Das monistische Weltbild: Die Welt als Laune

Der Urwaldglaube

Ist der Hunger der Wecker des Sonderbewusstseins — musste da nicht bereits das unterste Lebewesen ein solches besitzen?

Gewiss! – falls es zum «Hunger» gelangt, zum Hunger­em­pfin­den.

Zwar ist durchaus nicht bewusster Nahrungsanspruch der Inhalt des Sonderbewusstseins, sondern eben ein Trennungs­ge­fühl, das Gefühl der Sonderung, Selbstverlassenheit; den­noch genügt der blosse Stoffwechsel nicht dazu, es zu wecken, es muss ein solcher Mangelgrad eintreten, dass sich Wider­stand regt. Solche Widerstands-«Schwelle» bezeichnet den An­fang des Hungers, der dann erst zum Sonder­be­wusst­sein führt und schliesslich den tätigen Nahrungswillen hervorruft. Nur die Lebewesen also, bei denen der Stoffwechsel nach und nach den entsprechenden Grad des Mangels zeitigt, kommen durch Hunger zu Sonderbewusstsein.

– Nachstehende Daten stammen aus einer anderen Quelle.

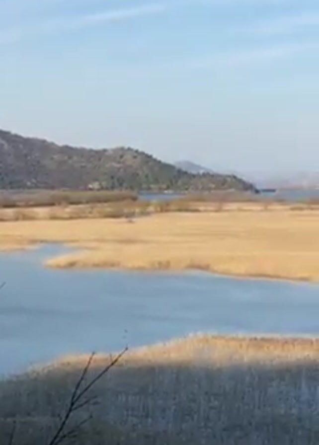 landscape with a lake interspersed with yellow reeds. In the background, there are rolling hills. The sky is blue with some light clouds. In the foreground, there are tree branches and their shadows. The camera pans slightly.

Lebewesen, die mit der Geburt oder bald zu voller Be­we­gung kommen, befolgen von selbst und ohne Mühe in einem fort die geringsten Reize und Antriebe; längst bevor der Stoff­wechsel stören und quälen kann, kreuzen sie mitten umher im Nahrungsgebiete. Ist kaum die Hungergrenze erreicht, so ist die Stillung auch da; es kommt zu keinem Erlebnis. Und glei­ches gilt von den sesshaften Lebewesen, den Pflanzen; eigent­lich sind sie immer von Nahrung umgeben, die ihnen ohne ihr Zutun zuströmt, obschon sie die Wurzeln wohl nach Wasser­suche strecken.

Erst bei den höheren Tieren, den Vögeln und Säugern ereignet sich Hunger. Das Junge ist nicht sofort der Bewegung fähig, der Stoffwechsel trifft ein hilfloses Wesen, er­reicht die Bewusstseinsschwelle und wirkt nun als «Hunger», verwandelt das unbestimmte Daseinsgefühl in bestimmtes Em­pfin­den der Sonderung; kläglich schreiend bezeugen die Klei­nen den Stö­rungs­zustand, die Daseinsspaltung.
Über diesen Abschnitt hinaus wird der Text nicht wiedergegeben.